> **DATA SUPPLIED**:
****

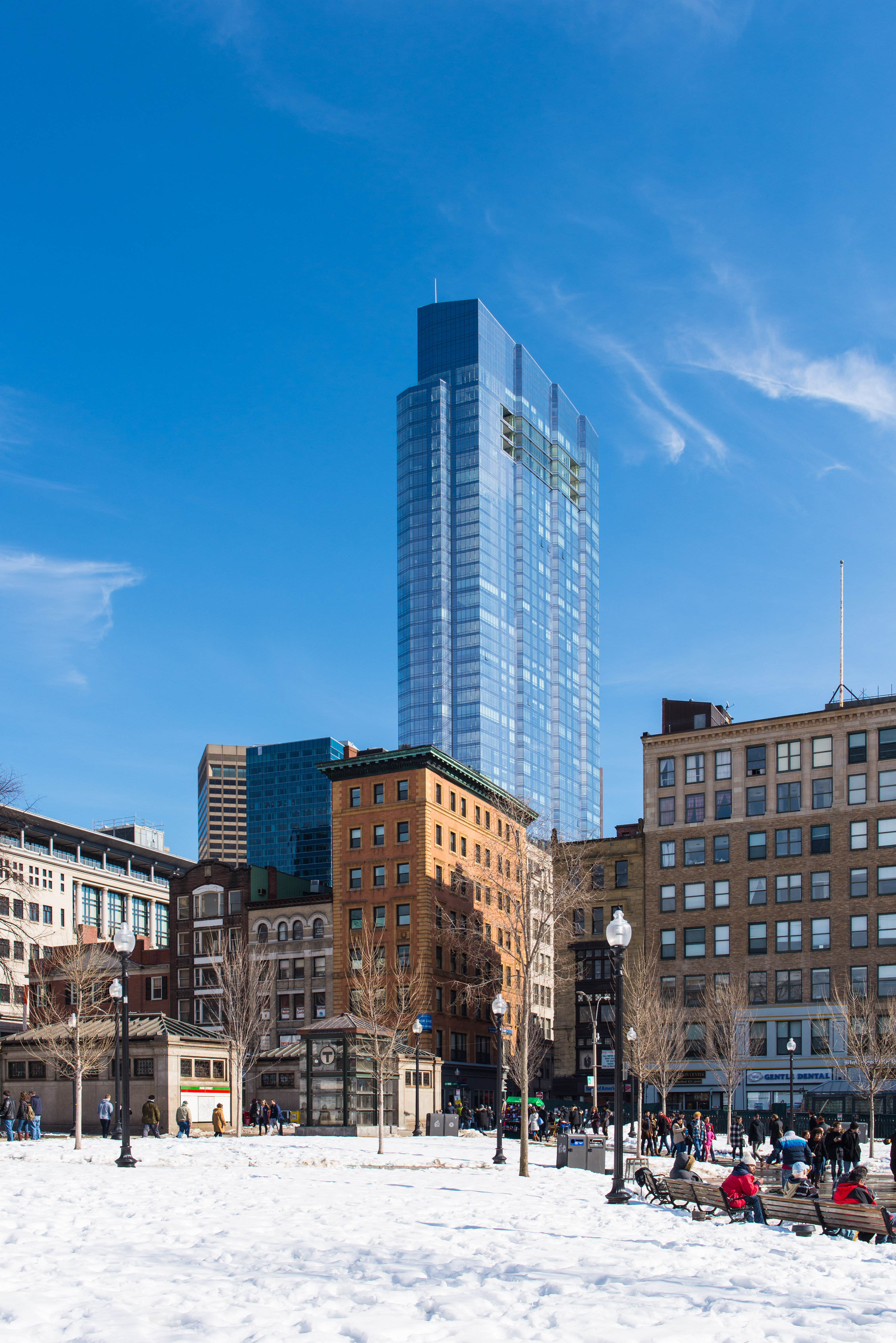 Millennium Tower, a residential skyscraper in Boston, as seen from the Boston Common in winter.
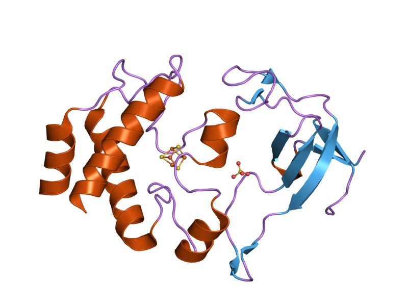 Cartoon representation of the molecular structure of protein registered with 1dj7 code.
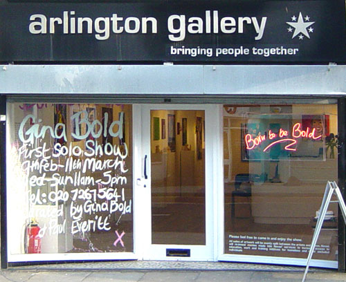 Arlington Gallery, Parkway, Camden, London (now renamed Novas Gallery), during Gina Bold's show, "Born to Be Bold", 9 February - 11 March 2007.
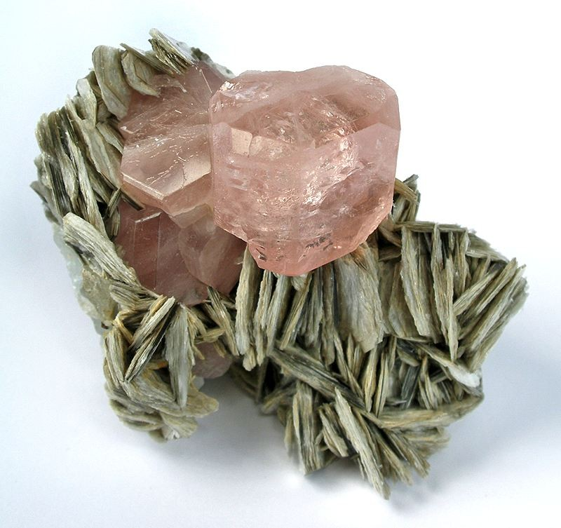 Apatite-(CaF), Muscovite Locality: Chumar Bakhoor, Hunza Valley, Gilgit District, Northern Areas, Pakistan (Locality at ) Size: 7.6 x 6.2 x 4.6 cm. From the gem pegmatites of Pakistan, this aesthetic specimen features a castle-like cluster of glassy and gemmy, pink crystals of fluorapatite to 2.0 cm in length, perched on contrasting crystals of muscovite to 1.3 cm across. The largest fluorapatite crystal is doubly terminated and almost an inch in size.
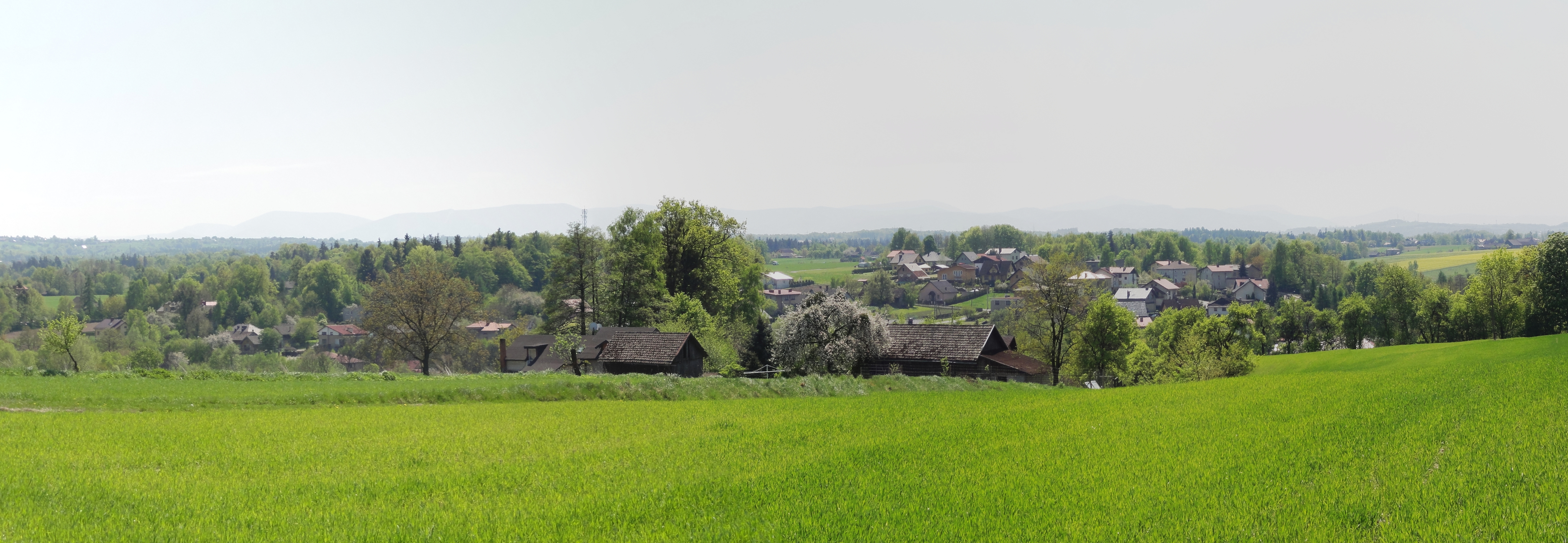 General view on central valley of Kończyce Wielkie
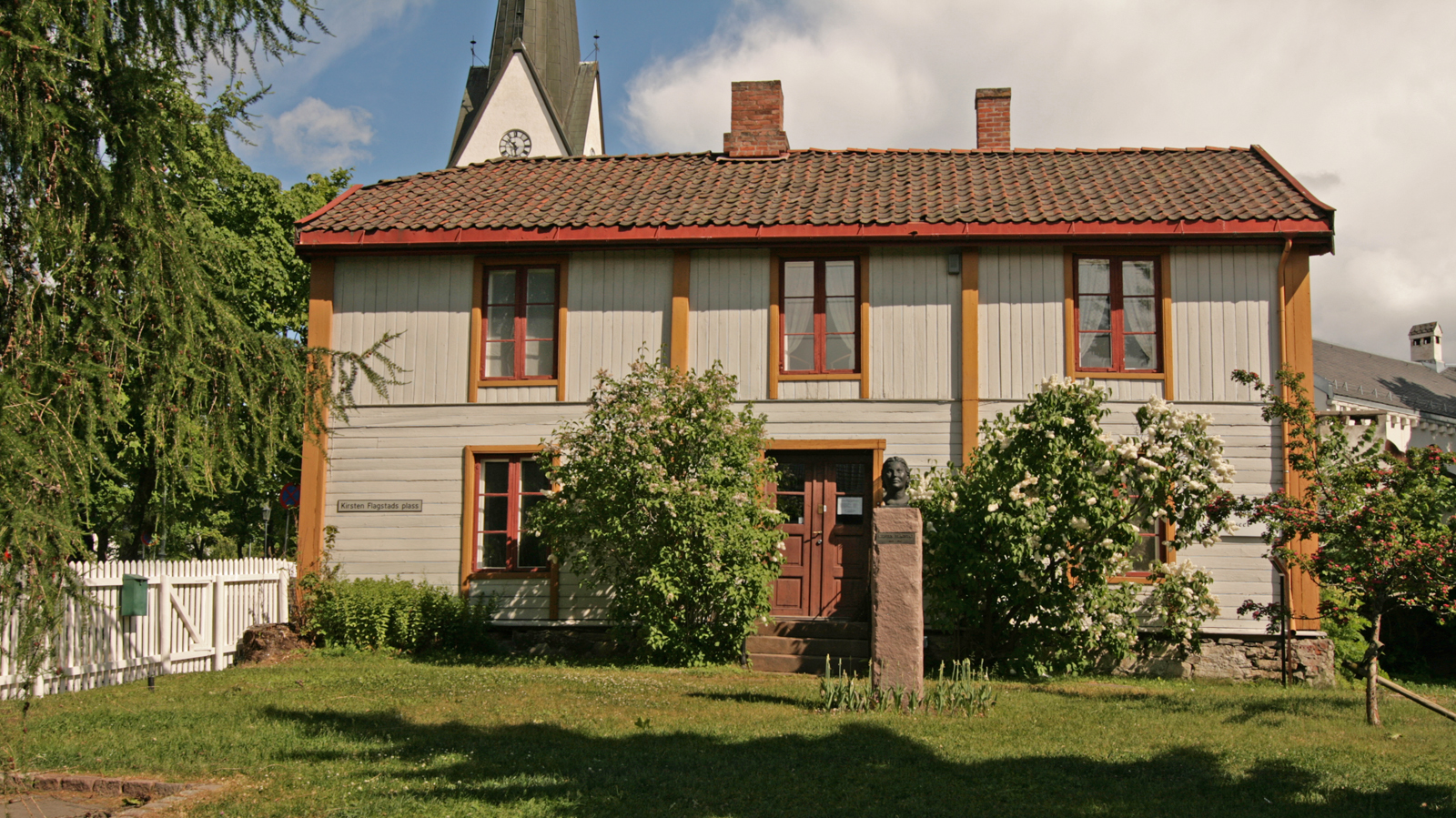 Strandstua, Kirkegata 11, Hamar, Norway. Modern Hamar's oldest house, built prior to the founding of the town in 1849. The opera singer Kirsten Flagstad was born here. Today Kirsten Flagstad Museum.
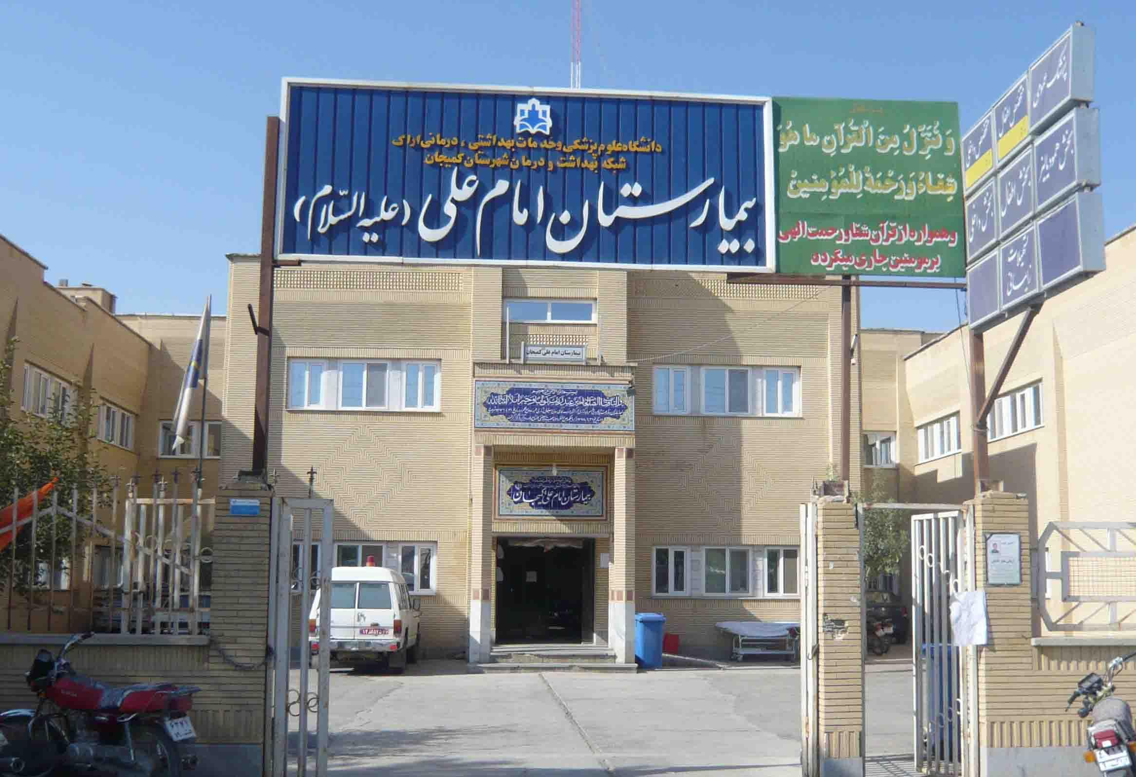 Imam Ali Hospital of Komijan.
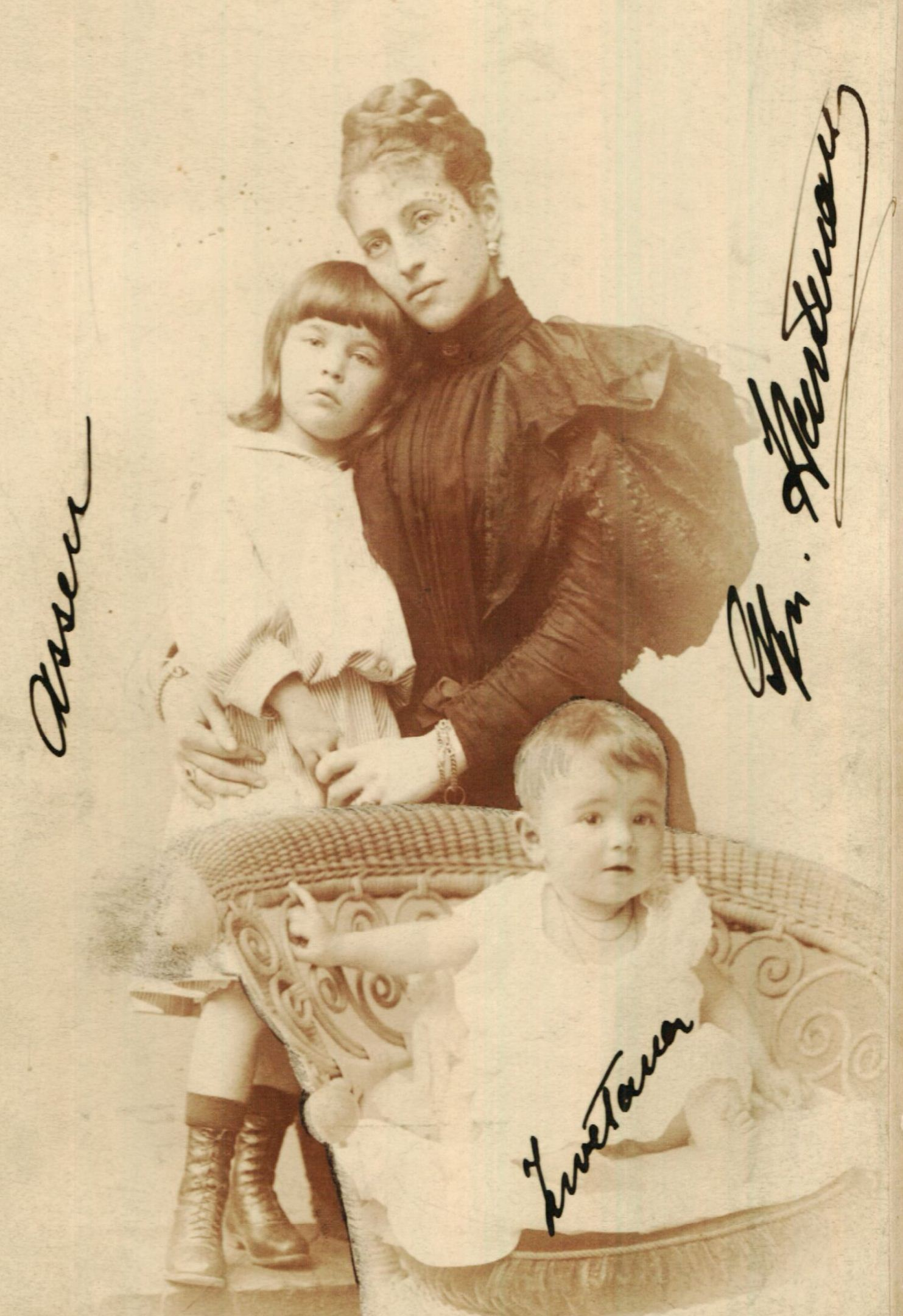 Johanna Loisinger with her children: Assen Ludwig Alexander, Graf von Hartenau, and Zwetana Maria Theresa von Hartenau. Graz, Austria-Hungary, around 1894
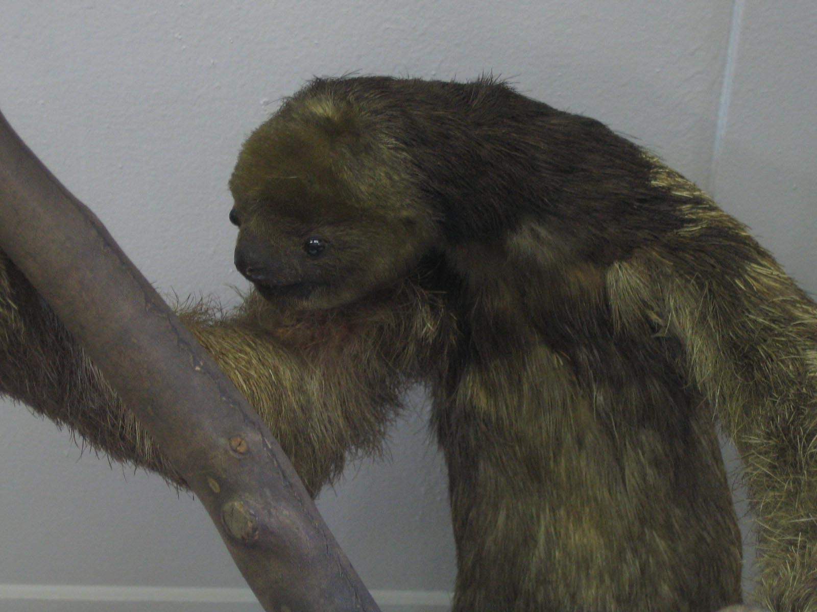 Bradypus torquatus of "Museu de Zoologia" of Barcelona
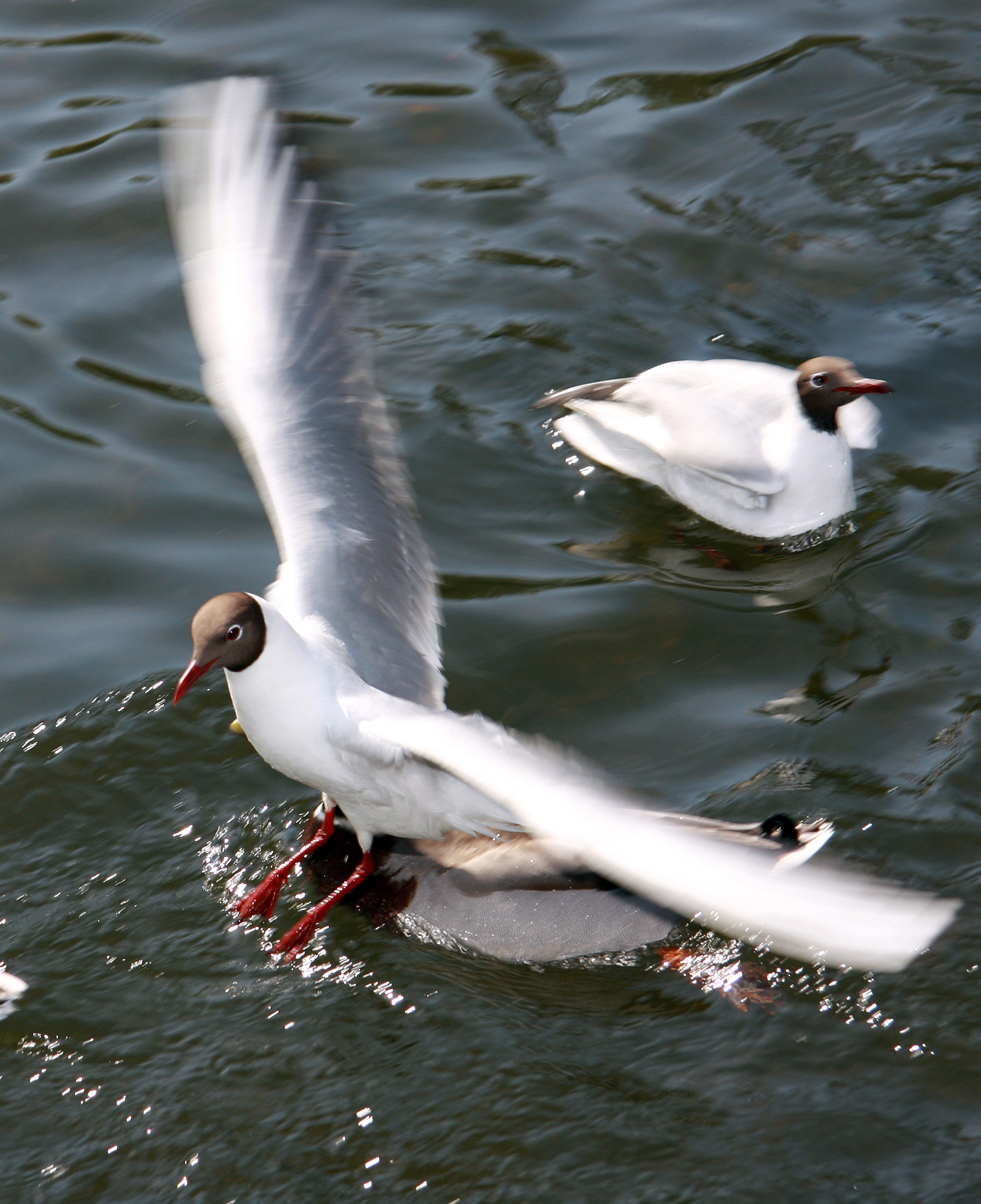 Black-headed Gull in Stadsparken city park in Lund, Sweden

****

> **BRIEF**:
Pictures are not part of the copy; reproduce exactly and only the lines from the line containing "Arlington Gallery, Parkway, Camden, London" through the end of the listing.

> **EXERCISE OUTPUT**:
 Arlington Gallery, Parkway, Camden, London (now renamed Novas Gallery), during Gina Bold's show, "Born to Be Bold", 9 February - 11 March 2007.
 Apatite-(CaF), Muscovite Locality: Chumar Bakhoor, Hunza Valley, Gilgit District, Northern Areas, Pakistan (Locality at ) Size: 7.6 x 6.2 x 4.6 cm. From the gem pegmatites of Pakistan, this aesthetic specimen features a castle-like cluster of glassy and gemmy, pink crystals of fluorapatite to 2.0 cm in length, perched on contrasting crystals of muscovite to 1.3 cm across. The largest fluorapatite crystal is doubly terminated and almost an inch in size.
 General view on central valley of Kończyce Wielkie
 Strandstua, Kirkegata 11, Hamar, Norway. Modern Hamar's oldest house, built prior to the founding of the town in 1849. The opera singer Kirsten Flagstad was born here. Today Kirsten Flagstad Museum.
 Imam Ali Hospital of Komijan.
 Johanna Loisinger with her children: Assen Ludwig Alexander, Graf von Hartenau, and Zwetana Maria Theresa von Hartenau. Graz, Austria-Hungary, around 1894
 Bradypus torquatus of "Museu de Zoologia" of Barcelona
 Black-headed Gull in Stadsparken city park in Lund, Sweden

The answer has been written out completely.